Michael Katz, Middlebury College dean of language schools

and schools abroad, recent data on Portuguese language

studies indicates there are approximately:

  • 200

    million speakers worldwide
  • 150

    language programs at United States institutions of higher

    education
  • 6,500

    undergraduate students taking courses in Portuguese in

    the United States
  • 500

    graduate students taking courses in Portuguese in the

    United States

Although

Portuguese is the world’s sixth most commonly spoken

language, at present there is only one summer program in the

United States devoted exclusively to its study.

In Brazil,

where Portuguese is the primary language, close to 170

million people make up the world’s sixth largest

population. It ranks fifth in size, has the eighth largest

economy, and is the United States’ largest trading

partner in South America.

“Portugal

itself is a cultural and historic jewel, a vital member of

the European Union, and an important ally of the United

States. Portuguese is still widely used in many of its

former colonies in Africa and Asia,” said Katz.

During the

spring of 2002 Middlebury will recruit a director for the

Portuguese School. The director will spend the summer of

2002 observing the other eight language schools in

operation, meeting with staff and administrators, and

planning for the following year. The Portuguese School will

begin full operation in the summer of 2003 with

approximately 30 students. Undergraduate language

instruction will be offered in a seven-week program on three

levels— beginning, intermediate and advanced.

Last summer,

approximately 1,150 students came to Middlebury to

participate in the Arabic, Chinese, French, German, Italian,

Japanese, Russian and Spanish Language Schools.

During the

course of the Middlebury College Language schools’

86-year history, more than 36,000 students from all walks of

life—including more than 11,000 advanced degree

holders—have attended one or more of the schools.

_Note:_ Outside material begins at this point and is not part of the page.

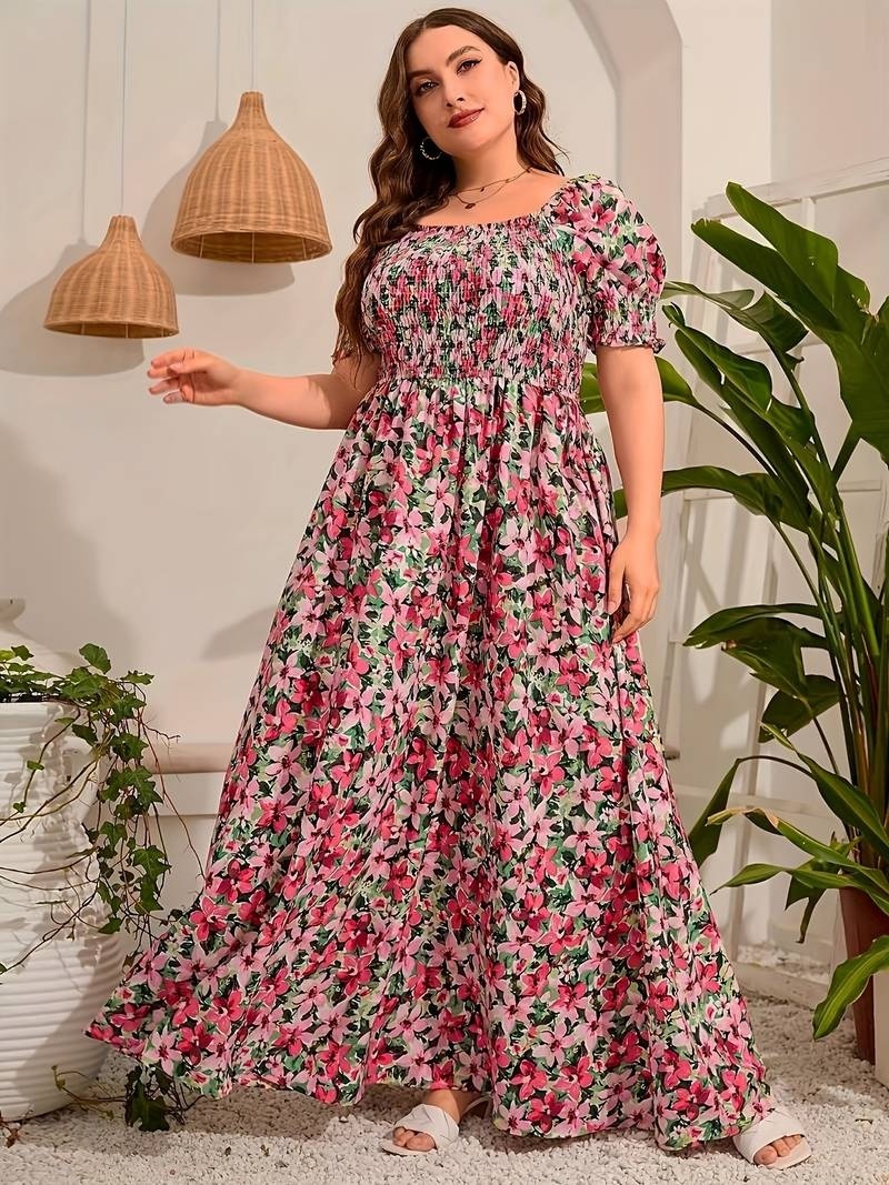 Predám prekrásne Maxi šaty s kvetinovou potlačou s krátkym rukávom na jar a leto, dámske oblečenie nadmernej veľkosti

Corporate executives study side-by-side with writers,

journalists, doctors, lawyers, missionaries, government

officials and diplomats. Undergraduates and graduate

students from Middlebury College and other institutions also

attend the summer sessions to fulfill language requirements

or complete degrees.

Under the

guidance of approximately 200 faculty members from colleges

and universities throughout the world, students of all ages

and numerous nationalities live on campus, totally immersed

in their target language. Students eat, sleep, drink, and

shop the language they have come to study, and all agree to

abide by the Language Pledge, a formal commitment to speak

the language of study and no other for the entire summer

session.

Each summer,

the College offers three sessions for foreign languages: a

nine-week session for Arabic, Chinese, Japanese and Russian;

a seven-week session for French, German, Italian and

Spanish; and a six-week session for graduate-level French,

German, Italian, Russian and Spanish.